To give you some idea of what has caught our eye, here's a video of the game running on the Microsoft console, captured and edited by us with a view to showcasing the unique visual look of this new technology, and how it translates into the gameplay.

We wanted to know more, so arranged an interview with 4A Games' chief technical officer Oles Shishkovtsov. Having previously worked with GSC as an instrumental guiding force behind the technologically impressive S.T.A.L.K.E.R., there has been controversy that the 4A engine is an offshoot of proprietary GSC IP, but Shishkovtsov disagrees, saying that the new tech was started as a pet project borne out of the frustrations in dealing with his older engine.

"The major obstacles to the future of S.T.A.L.K.E.R. engine was its inherent inability to be multi-threaded, the weak and error-prone networking model, and simply awful resource and memory management which prohibited any kind of streaming or simply keeping the working set small enough for 'next-gen' consoles," explains Shishkovtsov.

"Another thing which really worried me was the text-based scripting. S.T.A.L.K.E.R. was purely LUA-scripted," he continues. "Working on S.T.A.L.K.E.R. it became clear that designers/scriptwriters want more and more control and when they got it, they were lost and needed to think like programmers, but they weren't programmers! That contributed a lot to the original delays with S.T.A.L.K.E.R."

It was these problems and issues that left Shishkovtsov looking for an entirely new direction for the next engine.

"I started a personal project to establish the future architecture and to explore the possibilities of the design," he says. "The project evolved quite well and although it wasn't functional as a game (not even as a demo: for example it didn't have any rendering engine back then) it provided me with clear vision on what to do next."

Shishkovstov and his colleague Aleksandr Maksimchuk left GSC a full year before S.T.A.L.K.E.R. eventually shipped, and the 4A engine, with its emphasis on a hugely efficient implementation of multi-threading good for both PC and console, took shape. Shishkovtsov claims that the 4A engine has no relationship with the S.T.A.L.K.E.R. X-Ray tech because a port would be "extremely difficult".

"A straight port will not fit into memory even without all the textures, all the sounds and all the geometry," he reckons. "And then it will work at around 1-3 frames per second. But that doesn't matter because without textures and geometry, you cannot see those frames! That's my personal opinion, but it would probably be wise for GSC to wait for another generation of consoles."

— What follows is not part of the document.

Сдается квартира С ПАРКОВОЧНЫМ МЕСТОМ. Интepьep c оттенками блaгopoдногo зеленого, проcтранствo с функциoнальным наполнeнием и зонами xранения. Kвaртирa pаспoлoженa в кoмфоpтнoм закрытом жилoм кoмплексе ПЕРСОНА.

According to Shishkovtsov, the philosophy of parallelising the code is different to many games, but akin to the techniques employed by Criterion Games for Burnout Paradise: processing tasks are allocated to whatever processors are available at the time.

"We don't have dedicated threads for processing specific tasks in-game with the exception of a PhysX thread," explains Shishkovtsov. "All our threads are basic workers. We use task-model but without any pre-conditioning or pre/post-synchronising. Basically all tasks can execute in parallel without any locks from the point when they are spawned. There are no inter-dependencies for tasks.

It looks like a tree of tasks, which start from more heavyweight ones at the beginning of the frame (to make the system self-balanced). The last time I measured the statistics, we were running approximately 3,000 tasks per 30ms frame on Xbox 360 on CPU-intensive scenes with all hardware threads at 100 per cent load."

And again, similar to Criterion's multi-threading work, 4A Games has found that a similar implementation works on the Sony console too.

"The PS3 is not that different... We use 'fibres' to 'emulate' a six-thread CPU, and then each task can spawn a SPURS (SPU) job and switch to another fibre. This is a kind of PPU off-loading, which is transparent to the system. The end result of this beautiful (apart from somewhat restricting) model is that we have perfectly linear scaling up to the hardware deficiency limits."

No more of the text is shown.